Btw - just found this in the MODS user guide (https://www.loc.gov/standards/mods/userguide/attributes.html#lang):

citation starts

lang @lang indicates the language of the content of an element, using a code from ISO 639-2/b.

Example

<name type="personal">
<namePart type="given">Jack</namePart>
<namePart type="family">May</namePart>
<namePart type="termsOfAddress">I</namePart>
<description lang="eng">District Commissioner</description>
<description lang="fre">Préfet de région</description>
</name>

xml:lang @xml:lang serves the same purpose as @lang, but follows the W3C documentation that indicates using the IANA language subtag registry, which includes codes from the ISO language and script standards.

Example

<titleInfo xml:lang="fr" type="translated">
<nonSort>L'</nonSort>
<title>homme qui voulut être roi</title>
</titleInfo>

citation ends

Assuming that we do not want to use both attributes next to each other and given that we've decided to open up the options of how languages could be encoded (i.e. not only IANA, but also the three variations of ISO 639 plus other language encodings), I'd be back at using an attribute of our own rather than going back to @xml:lang.

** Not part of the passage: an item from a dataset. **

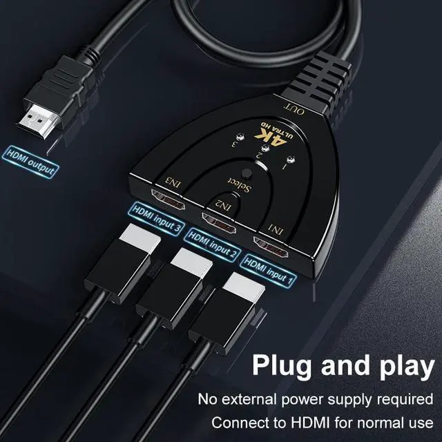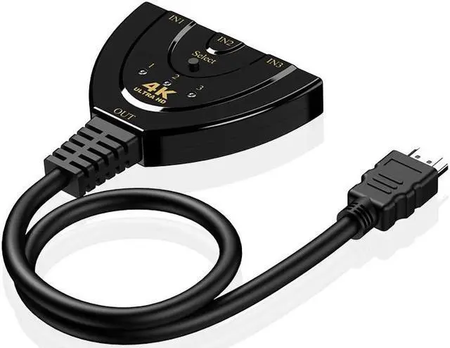 This 3 input to 1 output HDMI-compatible switcher has the key-press-switching function and has the inteligent function. The 3 input to 1 output HDMI-compatible switcher routes high definition 4k*2k video and digital audio from any one of the 3 sources to display unit. Three inputs accommodate the simultaneous connection of high definition video sources, such as HD player, Blu-ray player, Set Top Box, P&S3, Xbox360 etc. The output sends the high definition audio/video signals to a high definition display like HDTV.

fordmadox commented 3 years ago

The TEI guidelines provide a great overview here about how they encode languages: https://www.tei-c.org/release/doc/tei-p5-doc/en/html/CH.html#CHSH (which stresses the following: "For maximal compatibility with existing processes, the identifier for the language must be constructed as in Best Current Practice 47")

As time goes on, I grow more convinced that it's better to keep the "xml" namespace in EAC for id, base, lang, and adding space, since I don't really see the need for EAC/D to ignore that convention (and to make it more difficult to share data). In the two examples from MODS, the first won't work, for instance, if I want to use something like the built-in "lang" function from XPath (https://www.w3.org/TR/xpath-functions-31/#func-lang) to determine the language, whereas the second one does.

All that said, we've got languageOfElement and scriptOfElement in the development branch of EAC, which aligns it with the path taken by EAD.

kerstarno commented 3 years ago

Just as a note: "the path taken by EAD" only means not having introduced the XML namespace when defining EAD3. :-)

As for potentially going back on the decision with regard to XML namespace, this would mean:

kerstarno commented 3 years ago

Tested as part of Schema Team's schema testing:

The above applies to both schemas, RNG and XSD.

SJagodzinski commented 3 years ago

@fordmadox , @kerstarno : Please keep the lang attributes as they are: not available in <mulitpleIdentities>, <entityType> and <objectXMLWrap>

List will be completed

kerstarno commented 3 years ago

@SJagodzinski thanks for the confirmation.

With this, the attribute is ready.

@fordmadox please take note of <multipleIdentities> not having language attribution in EAC-CPF 2.0 anymore, i.e. we will need to think about a transformation strategy in this case.

SJagodzinski commented 3 years ago

Recommendation of IETF language tags needs to be discussed, also with respect to feedback from the CfC.

SJagodzinski commented 2 years ago

Asked community about use of IETF language tags in @languageOfElement (which replaces @xml:lang) in call for comments and did not receive any feedback.

EAC-CPF team meeting, 8 Aug 2021:

Agreed to recommend the use of IETF language tags in @languageOfElement, create entry in Best Practice Guide for this. EAD team will follow EAC-CPF decision.